One model that has proved successful in ELCA’s Eastern Washington-Idaho Synod is that of a medium-size church of about 400 members with two or three pastors. Two area churches have flourished in recent years – St. Mark on the South Hill and Prince of Peace in northwest Spokane.

Appealing to a wider, more diverse population also requires changes, including music and worship services offered by the churches, according to Wells.

“We need to become clearer and creative in our use of language,” Wells said, addressing that many no longer have “basic biblical literacy” since fewer children are required to attend Sunday services with their parents and grandparents.

Instead of using words like “sanctification” and “liturgy,” pastors must address people’s questions with a different vocabulary.
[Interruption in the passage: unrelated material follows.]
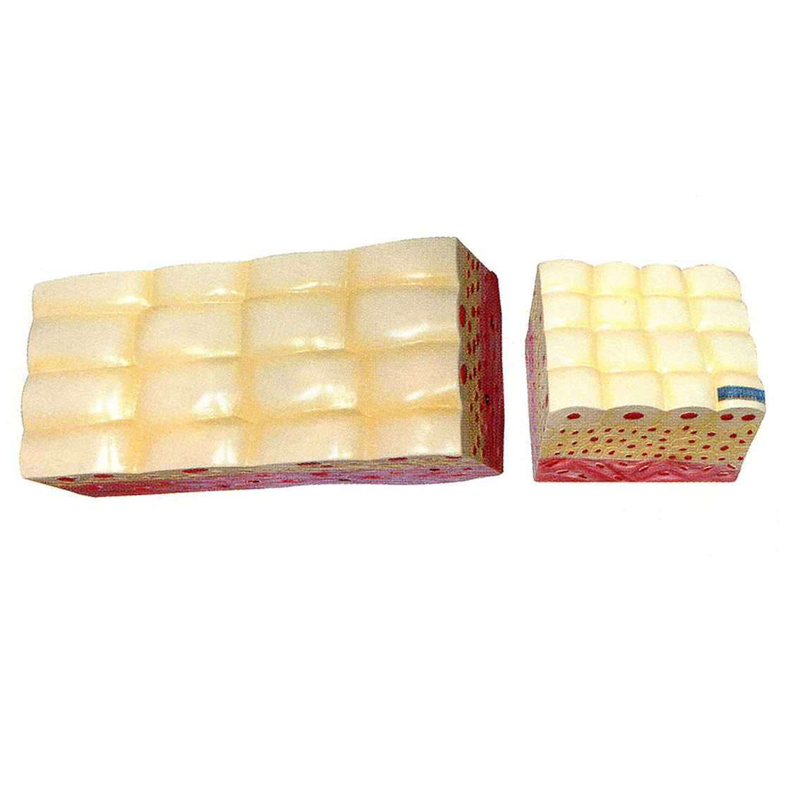博友BM2035變移上皮組織模型示膀胱空虛時(shí)與充盈時(shí)各細(xì)胞頂面與側(cè)面的形態(tài),共有2部件。 尺寸:23×24×7cm
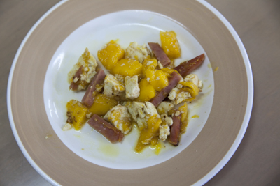 マンゴーから染み出た甘い果汁が塩味のあるポークと絶妙なハーモニー。

“We have to re-articulate the faith for people who haven’t heard it,” Wells said. “Our mission field is not overseas, it’s in the middle of our town.”

Lutherans must allow these changes to happen while simultaneously hanging on to the core values of their faith, Hanson said. That’s happening in Africa, where there are more than 1 million new Lutherans, he said.

During a recent trip to Tanzania, he attended a church service with so much liveliness and hand-waving that it would’ve shocked most Lutherans in the United States.

Later in the service, the African bishop asked the congregation about their progress addressing AIDS and HIV; their involvement in the schools; and the reforestation projects, since being a good Christian requires taking care of the Earth.

“We have to be a church that matters, a church that makes a difference in the world,” Hanson said. “Church is God’s instrument for working in the world, not a refuge from an evil world.”